■ WHAT THE TASK REQUIRES
Without the images, reproduce each line of the material exactly.

■ DATASET EXCERPT

========================================

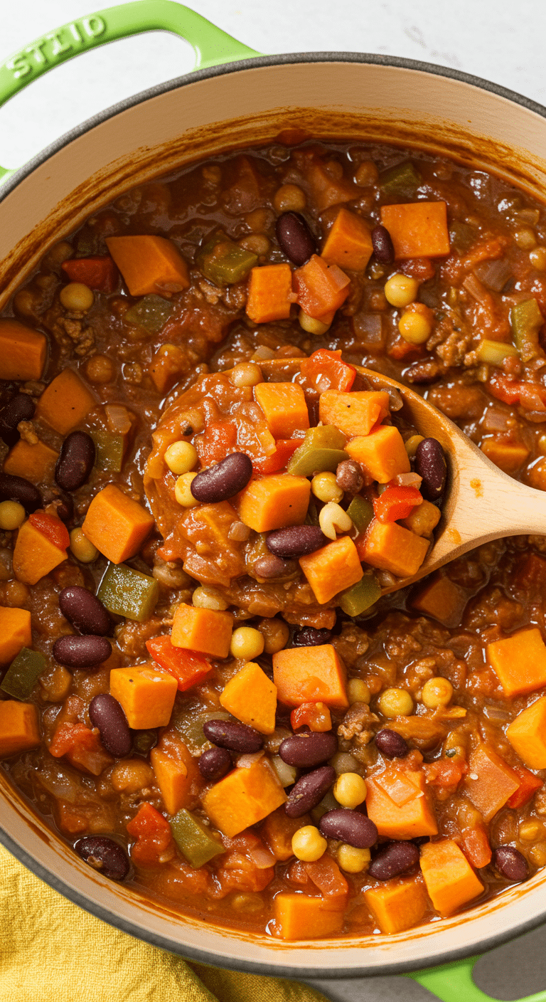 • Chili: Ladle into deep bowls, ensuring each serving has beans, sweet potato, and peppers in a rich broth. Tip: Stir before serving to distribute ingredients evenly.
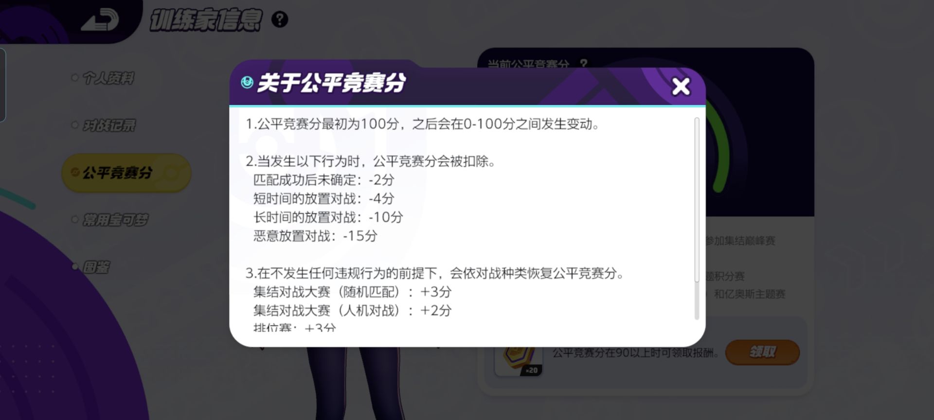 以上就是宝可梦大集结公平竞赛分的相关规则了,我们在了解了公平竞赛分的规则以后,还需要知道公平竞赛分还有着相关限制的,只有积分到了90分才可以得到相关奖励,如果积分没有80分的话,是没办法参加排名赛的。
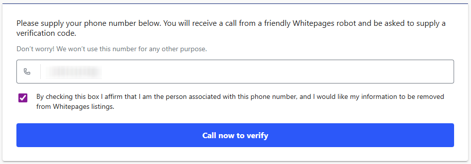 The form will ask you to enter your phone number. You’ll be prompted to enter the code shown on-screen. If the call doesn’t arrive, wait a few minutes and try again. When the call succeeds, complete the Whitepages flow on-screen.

========================================

■ ANSWER AREA
 • Chili: Ladle into deep bowls, ensuring each serving has beans, sweet potato, and peppers in a rich broth. Tip: Stir before serving to distribute ingredients evenly.
 以上就是宝可梦大集结公平竞赛分的相关规则了,我们在了解了公平竞赛分的规则以后,还需要知道公平竞赛分还有着相关限制的,只有积分到了90分才可以得到相关奖励,如果积分没有80分的话,是没办法参加排名赛的。
 The form will ask you to enter your phone number. You’ll be prompted to enter the code shown on-screen. If the call doesn’t arrive, wait a few minutes and try again. When the call succeeds, complete the Whitepages flow on-screen.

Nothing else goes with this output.